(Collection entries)
<<<<
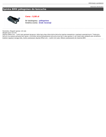 Informacje o produkcie Utworzono 04-03-2017 Spinka BMX półogniwo do łancucha Cena : 5,00 zł Nr katalogowy : półogniwo Średnia ocena : brak recenzji Parametry: Długość ogniwa: 1/2 cala Długość pina: 9,4 mm Złączka Offset Link - 1 pitch jest ogniwem łączącym, które łączy dwa różne końce łańcucha (ogniwo zewnętrzne z ogniwem wewnętrznym). Tradycyjny łańcuch ma zawsze parzystą ilość ogniw i minimalne skrócenie/wydłużenie łańcucha musi być o dwa ogniwa (1 cal). Jeżeli takie działanie jest utrudnione brakiem regulacji naciągu koła, można zastosować złączkę Offset Link - 1 pitch (1/2 cala). Główne zastosowanie do rowerów BMX
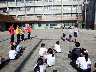 運動場では,「足が速くなるダンス」を生かした陸上教室が行われました。
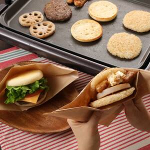 鉄板を弱めの中火に加熱し、油を薄くのばす。温まったら成形したパテ、ライスバンズ、水気をよく切ったれんこんを並べて焼く。
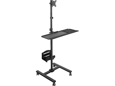 Work on-the-go with ease using our mobile computer cart - perfect for mounting your monitor, keyboard, and CPU on a rolling stand. <br><br> Enjoy optimal viewing with our height-adjustable VESA bracket that supports up to 32" monitors and tilts +/- 15 degrees, swivels, and rotates 360 degrees. <br><br>Type comfortably with our full-sized keyboard tray that can be easily adjusted to an ergonomic position with a simple twist knob. <br><br>Keep your CPU secure with our floating CPU holder that is height and width adjustable and features buckle straps. <br><br>Built to last with a heavy-duty steel frame and stable 19.5" W x 19.6" D base with 4 durable caster wheels, making it easy to roll it where you need it.<br><br>Mobilize your workstation with the Mount-It! Rolling Computer Cart/Workstation, and increase productivity. Easy to assemble, this mobile cart is perfect if you need to quickly change offices, medical stations, locations in a warehouse, classrooms, trade shows booths, and more! The heavy duty, all-steel frame has a wide base with durable caster wheels that can be locked into place for a stationary position. Total Cart Height: 70” Monitor Bracket Height: 37” To 69” Keyboard Tray Height: 35” To 66.5” Keyboard Tray Dimensions: 25.7” W X 9.6” D CPU Holder Dimensions: 4.8” W (Min) X 8.3” W (Max); Straps Fit Up To 9.3” H Locking Caster Wheels: Yes Cable Management: Yes
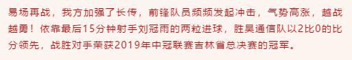 2019年中冠联赛吉林省总决赛冠军出炉:胜昊通信足球队将有资格代表吉林省冲击2020年中冠联赛
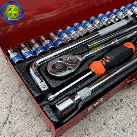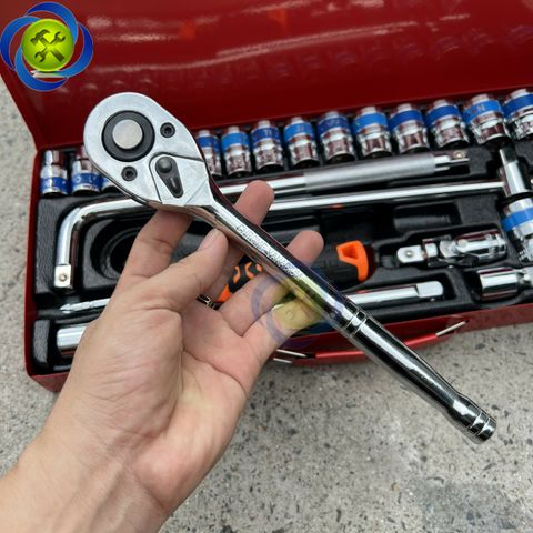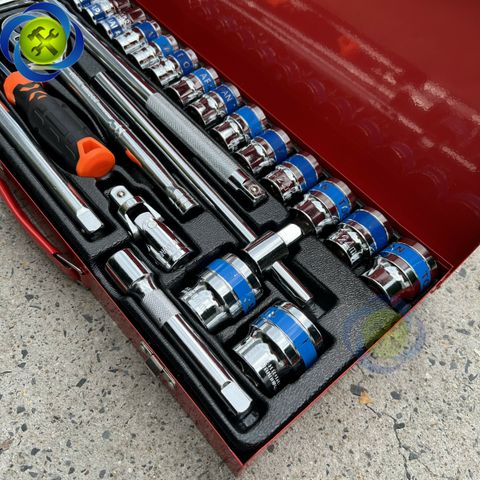 - 18 đầu tuýp 1/2" cỡ: 10mm,11mm. 12mm, 13mm, 14mm, 15mm, 16mm, 17mm, 18mm, 19mm, 20mm, 21mm, 22mm,23mm, 24mm, 27mm, 30mm và 32mm.
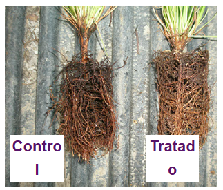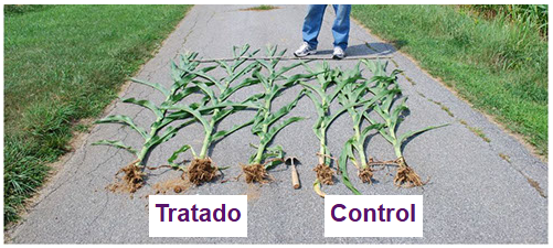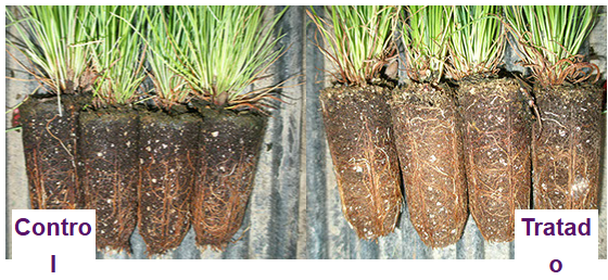 Nótese el tamaño de la masa radicular, circunferencia del tallo yaltura de las plantas tratadas. También, la planta tratada hacomenzado a sacar panoja mientras que el control sigue creciendo.
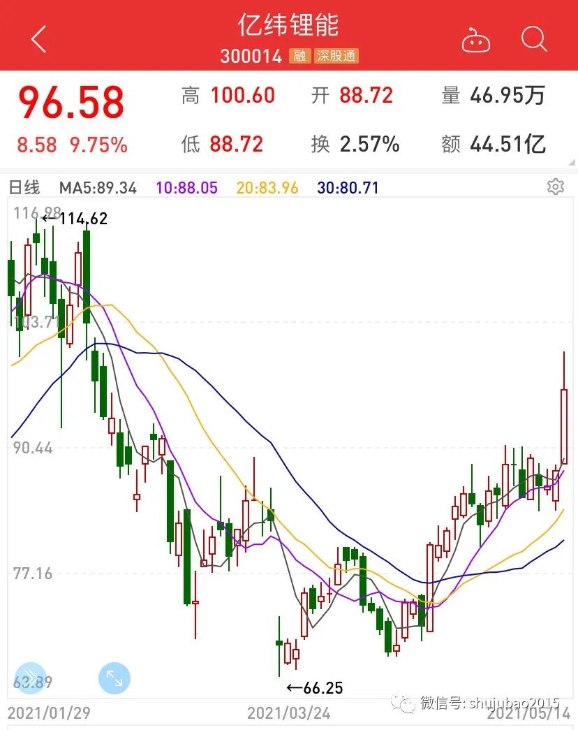 锂电池龙头亿纬锂能今天盘中一度大涨超过14% ,有外媒报道称,特斯拉正与亿纬锂能谈判,将其纳入上海工厂供应链,以寻求增加低成本电池的采购。不过,截至目前,特斯拉和亿纬锂能方面暂时都未对此做出回应。
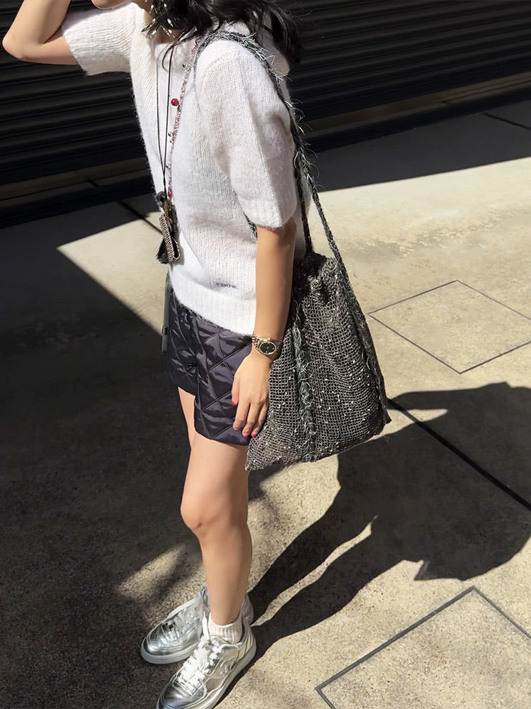 Sorbet Delicious Waffle Shiny Drawstring Mesh Tote Bag
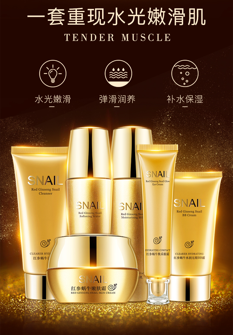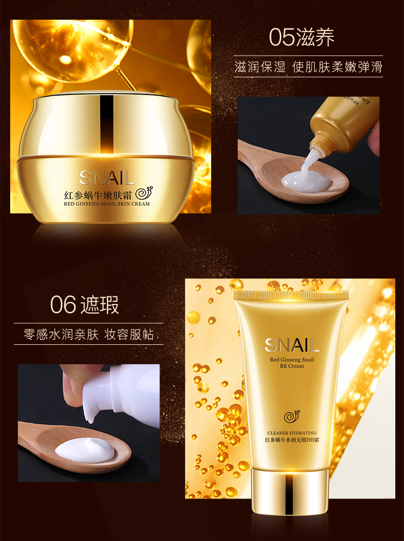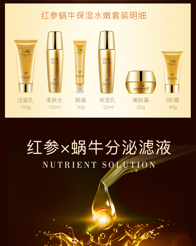 【依漾】红参蜗牛原液护肤品套装,6件套,只要89元!!这个冬季一步到位,洁面乳+爽肤水+眼霜+精华乳+嫩肤霜+BB霜,一套重现水光嫩滑肌肤,专利授权,韩国进口原料!
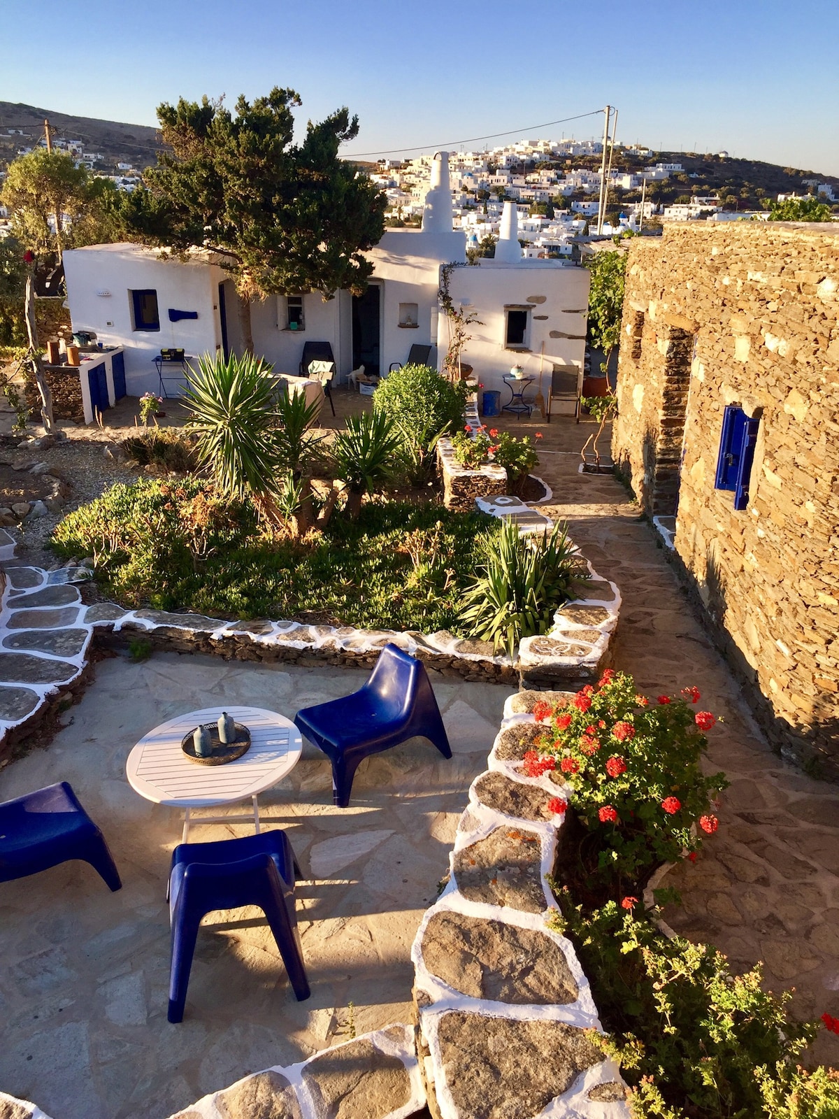 Benvenuto nel nostro cottage tradizionale, in pietra, tranquillo ed elegante. Trascorrerai una vacanza indimenticabile in una casa di campagna con vista panoramica e sul mare, alberi da frutto, piante e viti in un giardino di 1.100 m², a soli 7-8 minuti a piedi dal centro della capitale Apollonia. Il ristorante più vicino dista circa 150 metri. I proprietari, che vivono nello stesso cortile di 1100 m² e hanno viaggiato molto in tutto il mondo, ti offriranno la famosa ospitalità tradizionale greca.
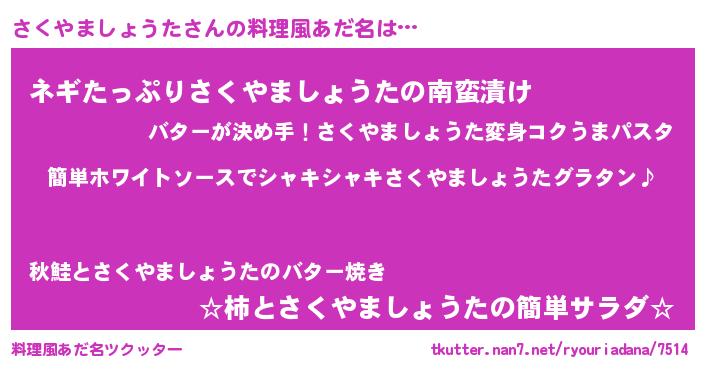 | 男性向けラノベタイトル風あだ名 | 『さくやましょうたの嫁は女の子じゃないと思った?』 |
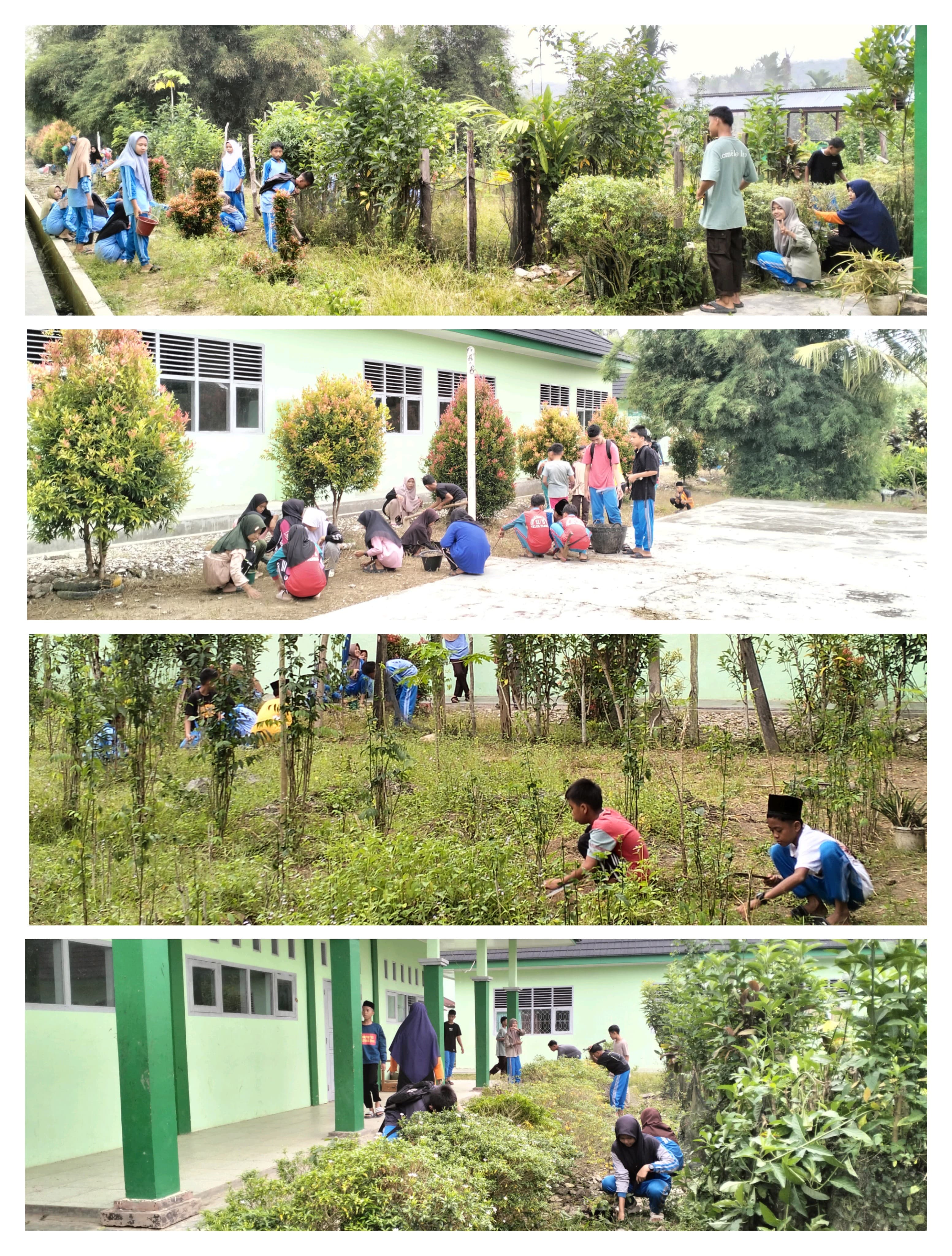 Bungo (MtsN 5 Bungo) - Kerja bakti patut menjadi identitas budaya madrasah karena banyak manfaatnya, diantaranya kebersamaan, kepedulian, dan keserasian. Pekerjaan yang dilakukan dengan kerja bakti akan lebih cepat selesai. Budaya kerja bakti di lingkungan Madrasah Tsanawiyah Negeri 5 Bungo untuk membersihkan lingkungan madrasah sudah diterapkan sejak lama. Sabtu(20/07/2024).
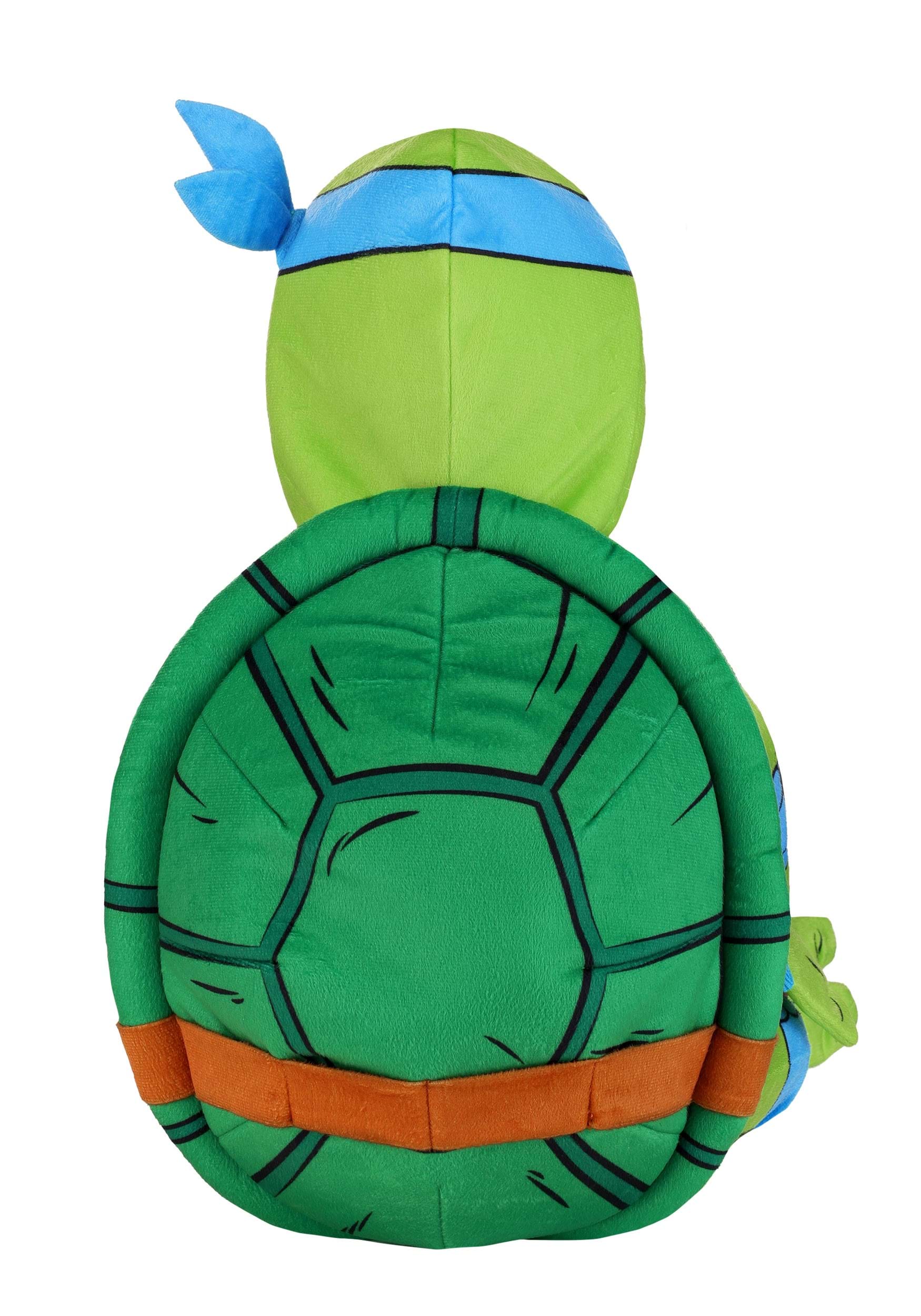 The hood has printed eyes and Leonardo’s classic blue bandana, complete with side ties that say, “I came here to lead and then maybe nap in a pile of blankets.” A soft, dark green shell attaches to the back of the suit with hook-and-loop fasteners and gives full turtle-back coverage without weighing your baby down.
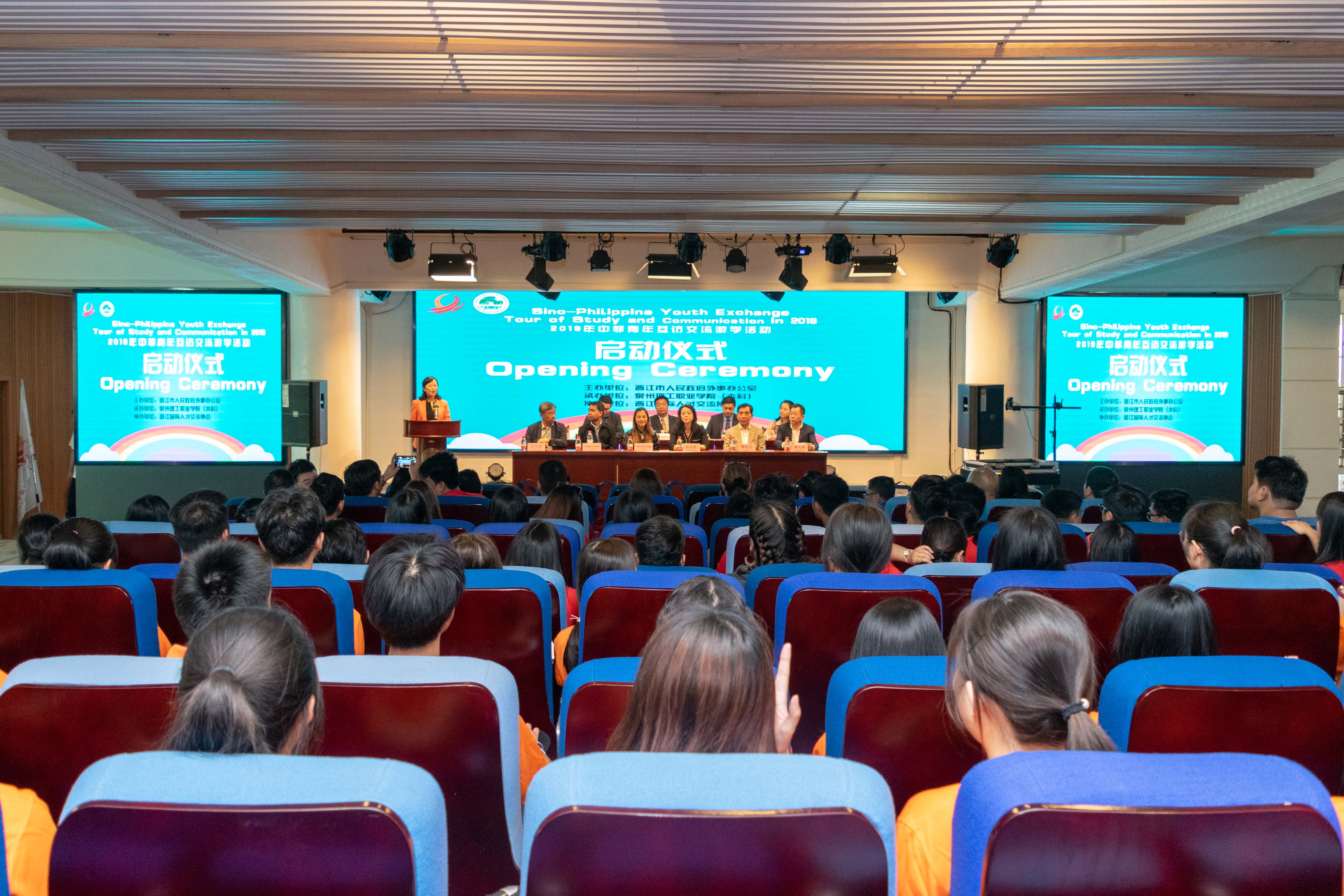 4月18日下午,2019年中菲青年互访交流游学活动在我校举行启动仪式。福建省人民政府外事办公室国交处处长黄劭蓉,晋江市委常委、常务副市长李自力,晋江市委常委、统战部部长黄文福,晋江市政府侨办主任陈金尚, 菲律...
>>>>
• **What is needed**: Print the data above verbatim from the first line through the line holding "鉄板を弱めの中火に加熱し、油", leaving every picture out.

• **Written answer**:
 Informacje o produkcie Utworzono 04-03-2017 Spinka BMX półogniwo do łancucha Cena : 5,00 zł Nr katalogowy : półogniwo Średnia ocena : brak recenzji Parametry: Długość ogniwa: 1/2 cala Długość pina: 9,4 mm Złączka Offset Link - 1 pitch jest ogniwem łączącym, które łączy dwa różne końce łańcucha (ogniwo zewnętrzne z ogniwem wewnętrznym). Tradycyjny łańcuch ma zawsze parzystą ilość ogniw i minimalne skrócenie/wydłużenie łańcucha musi być o dwa ogniwa (1 cal). Jeżeli takie działanie jest utrudnione brakiem regulacji naciągu koła, można zastosować złączkę Offset Link - 1 pitch (1/2 cala). Główne zastosowanie do rowerów BMX
 運動場では,「足が速くなるダンス」を生かした陸上教室が行われました。
 鉄板を弱めの中火に加熱し、油を薄くのばす。温まったら成形したパテ、ライスバンズ、水気をよく切ったれんこんを並べて焼く。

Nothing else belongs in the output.